Le spectre de Roosevelt

En regardant l’histoire, la situation de Roosevelt était très similaire à celle d’aujourd’hui — monopole du grand capital, inégalités croissantes, agitation sociale. Mais Roosevelt avait du courage. Il a lancé le New Deal, instauré la sécurité sociale, utilisé la fiscalité progressive pour réduire l’écart de richesse, et a durci le contrôle sur l’expansion incontrôlée du capital. À cette époque, le gouvernement américain conservait une autorité forte, capable de contenir les oligopoles financiers.
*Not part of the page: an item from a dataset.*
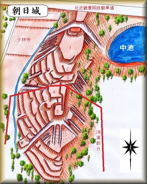 近年では、朝日城は単なる在地領主の居城ではなく、黒井城攻撃の際に明智軍によって改修された付城であったのではないかと言われている。そのため、在地領主とは一線を画する構造を有しているといったところであろうか。
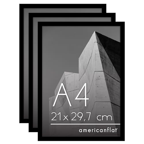 Americanflat A4 fotoramar i Svart – Tunn ram med plexiglas, upphängningsbeslag och integrerat stöd för horisontell eller vertikal visning – Set om 3

Aujourd’hui ? Il n’y a plus de figures de cette trempe dans la sphère politique. Les politiciens modernes pensent surtout à leur réélection, au financement, et à plaire aux financiers. Personne n’ose réellement remettre en question la part du gâteau des riches. La réforme fiscale reste un slogan éternel, la taxe sur les gains en capital est en débat, et les politiques de redistribution sont à l’état d’attente.
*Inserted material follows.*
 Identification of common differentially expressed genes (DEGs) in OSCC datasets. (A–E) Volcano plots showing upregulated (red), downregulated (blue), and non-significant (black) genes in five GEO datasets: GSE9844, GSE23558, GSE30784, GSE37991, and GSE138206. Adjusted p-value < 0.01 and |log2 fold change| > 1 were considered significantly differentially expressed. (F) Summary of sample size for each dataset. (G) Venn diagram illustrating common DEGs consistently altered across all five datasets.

La boule de neige de la crise systémique

Les conséquences de cette impasse politique sont systémiques. La dette publique s’alourdit, le gouvernement doit emprunter davantage pour combler le déficit. Plus il imprime de monnaie, plus le pouvoir d’achat du dollar s’érode, et la confiance dans la position de réserve mondiale du dollar vacille. Si le marché commence à douter que les États-Unis puissent rembourser leur dette ou améliorer leur situation fiscale, la crédibilité du dollar sera en danger.
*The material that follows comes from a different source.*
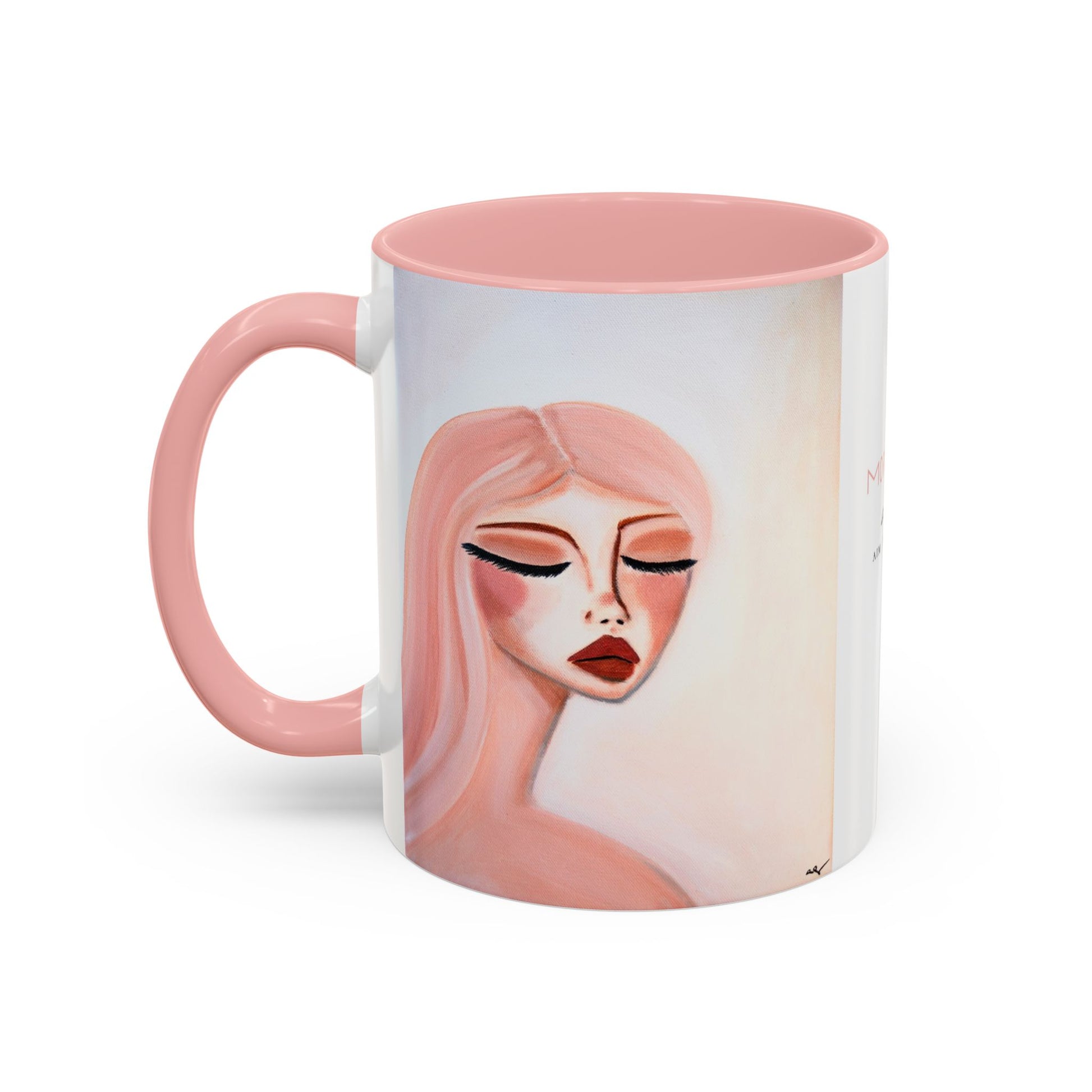 - 11oz mug with light pink interior and handle

Une menace encore plus profonde réside dans l’aggravation des tensions sociales. D’un côté, les élites de Wall Street célèbrent la hausse des marchés boursiers sur des îles privées ; de l’autre, les populations les plus pauvres peinent à survivre. L’écart entre riches et pauvres se creuse, la cohésion sociale s’affaiblit. Si cette tension dépasse un point critique, ni la police ni l’armée ne pourront la contenir. L’histoire a montré à maintes reprises que lorsque la richesse est concentrée et que la majorité lutte pour sa survie, l’instabilité sociale devient inévitable.

Un système incapable de s’auto-réparer

Ce qui est le plus désespérant, c’est que les États-Unis ont perdu leur capacité d’autorégulation. La base économique est profondément corrompue par le capital, et la superstructure vacille. Pour redonner de la vigueur, il faudrait d’abord régler le chaos intérieur — faire circuler la richesse enfermée dans des résidences luxueuses et des comptes offshore, et faire payer la classe possédant d’immenses patrimoines en assumant leurs responsabilités sociales.

Mais dans le cadre actuel, cela semble presque impossible. Aucun leader du calibre de Roosevelt n’ose affronter la rétorsion des oligarques financiers, et aucun politicien ne prend le risque de perdre le soutien des financiers pour pousser de véritables réformes.

Ainsi, l’avenir des États-Unis risque de s’effriter lentement dans cette impasse. La colère des pauvres s’accumule dans la rue, la richesse des riches dort dans des comptes offshore, et le gouvernement, au bord de la crise de la dette, lutte désespérément. La monnaie ne circule plus, les réformes ne se font pas, la crédibilité s’épuise, la confiance s’effrite.

C’est la réalité la plus brute de l’Amérique d’aujourd’hui.